It was 3:30am, the car was filled with baggage and the village post box was one letter fuller. I hopped back into the Volvo and we sped on towards the airport.

The Bennett holiday had begun.

This Easter the destination of choice was the Canary Island of Lanzarote. Spanish by nationality but located just off the coast of the African continent, the Canary Islands are uniquely blessed to have pleasantly hot temperatures early in the year while maintaining a laid-back Mediterranean culture. The warm climate was far from an automatic pleaser for everyone. As we stood waiting for our bags at Arrecife airport, a fellow passenger could be heard complaining down the phone over the amount of cloud cover outside. Trust a British tourist to moan about the weather thirty minutes after landing.

This wasn’t the first bemusing thing to happen on the holiday. That award would go to the poor directional signage that resulted in the entire plane accidently bypassing Spanish boarder control. As we walked down the ramp parallel to the booths, the border guards watched the heard of pale faced Brits with a mixture of confusion and disinterest.

 

“I wonder if they’ll be so lax once we’re out of the EU.” I muttered to India.

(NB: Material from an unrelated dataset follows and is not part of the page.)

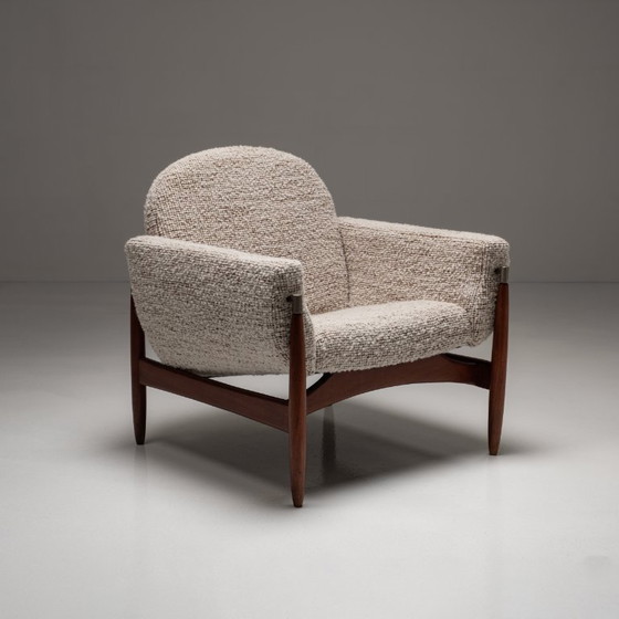 Conçu dans le plus pur style scandinave, ce fauteuil en teck incarne l'élégance et le confort. Sa structure aux courbes harmonieuses, soigneusement travaillée en teck massif, révèle la beauté naturelle du bois, avec ses tons chauds et son grain distinctif. Pensé pour allier esthétique et confort, les lignes fluides des accoudoirs et des pieds dessinent une silhouette accueillante, reflet de l'artisanat moderne du milieu du XXe siècle.
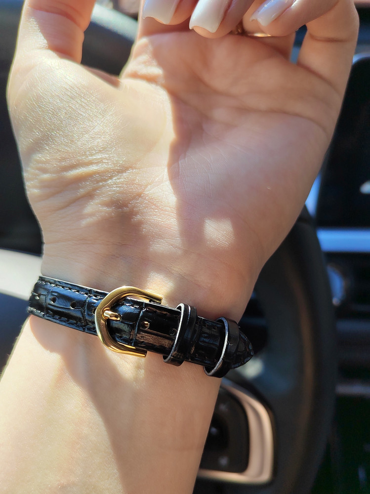 Женские наручные часы в круглом корпусе с позолотой, секундная стрелка центральная, на кожаном ремешке черного цвета.

Bags collected, the reps verbally directed us to the buses. We hopped onto our coach and listened to the mumblings of a secondary rep (“what’s she saying?” “I don’t know, I think something about Pablo Paella’s Casa or the welcome meetings. To be honest I’m barely listening.”) The young lady leapt off, the coach doors closed and we departed.

This time around we were headed to the resort of Costa Teguise on the South-Western side of the island. Because we’re middle class this was to be the fourth time at the resort, although this time around the holiday planner (alias Mumma Bennett) had booked the hotel Teguise Grand Playa which was considerably closer to the pretty town of Teguise compared to the one we’d been to four years ago. After the terrible sun burns of 2013 when we badly misinterpreted the strength of the UV rays, we learnt several valuable lessons. A) always pack sun cream b) remember the pastiness of one’s skin and c) town is never a “fifteen-minute walk away”.

IMG_9235
mid-afternoon people judging, sorry, watching.

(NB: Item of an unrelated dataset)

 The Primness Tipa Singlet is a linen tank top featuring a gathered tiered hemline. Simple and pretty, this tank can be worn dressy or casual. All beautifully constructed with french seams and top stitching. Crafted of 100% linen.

Anyway, to get back on topic, the Costa Teguise Playa is a lovely hotel, situated right on the beach (it is quite literally a stone’s throw away). This location suited me very nicely. During the day the beach was a hubbub of activity in the form of sunbathers, scuba divers and swimmers, but at dawn the little piece of man-made coast was completely empty of all human-shaped life. Granted it took me about five days to get into the practice of early starts, but for those few mornings where I ventured down to the beach at 7am the views were wonderful. I could listen to the sea, yoga a little and relax.

Within the walls of the hotel I learnt a couple of new things. Firstly, this man has a very high voice:

And secondly I discovered that Leo Sayer is still as relevant a figure today as he’s ever been. At least four times Papa Bennett got mistaken for the 70s pop star/icon/legend. For anyone not in the know, here’s Sayer’s music/photo next to Papa Bennett’s…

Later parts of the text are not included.